> Problem
A single number is the answer: how many lines of the data hold "family"?

> Data supplied

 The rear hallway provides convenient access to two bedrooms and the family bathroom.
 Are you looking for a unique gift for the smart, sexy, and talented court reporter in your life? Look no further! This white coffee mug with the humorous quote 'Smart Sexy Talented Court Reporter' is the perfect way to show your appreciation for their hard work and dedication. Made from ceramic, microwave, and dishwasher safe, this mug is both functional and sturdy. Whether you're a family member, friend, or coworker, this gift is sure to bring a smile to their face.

...

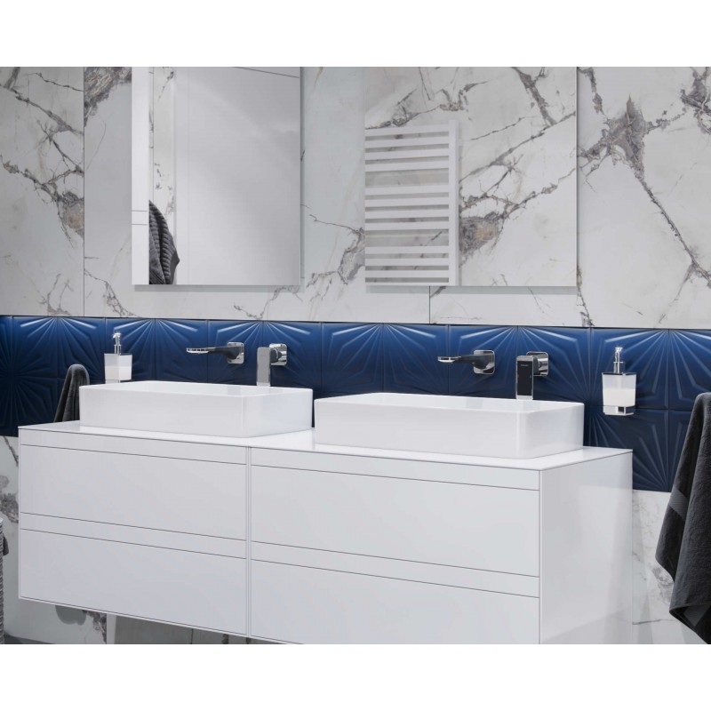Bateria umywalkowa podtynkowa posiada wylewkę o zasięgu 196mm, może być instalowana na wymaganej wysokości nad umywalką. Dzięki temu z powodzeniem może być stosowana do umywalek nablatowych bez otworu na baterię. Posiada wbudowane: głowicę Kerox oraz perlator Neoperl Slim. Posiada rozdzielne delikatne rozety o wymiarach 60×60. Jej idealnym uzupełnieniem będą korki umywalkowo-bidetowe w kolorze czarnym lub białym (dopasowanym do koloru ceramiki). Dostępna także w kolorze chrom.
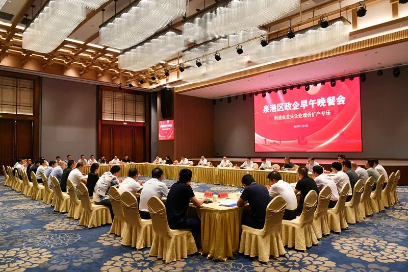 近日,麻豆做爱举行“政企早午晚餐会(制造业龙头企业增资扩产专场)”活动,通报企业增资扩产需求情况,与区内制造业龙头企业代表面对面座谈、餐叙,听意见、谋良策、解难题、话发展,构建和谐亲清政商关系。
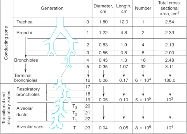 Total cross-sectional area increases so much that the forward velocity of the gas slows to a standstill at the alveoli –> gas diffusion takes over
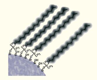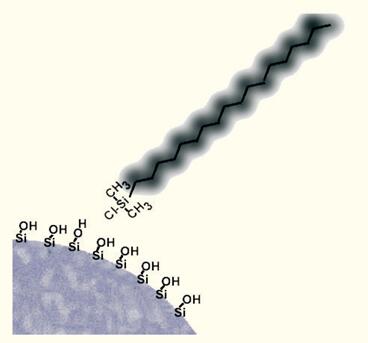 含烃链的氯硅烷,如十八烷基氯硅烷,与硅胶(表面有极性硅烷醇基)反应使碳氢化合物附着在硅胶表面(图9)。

> Answer for the task
2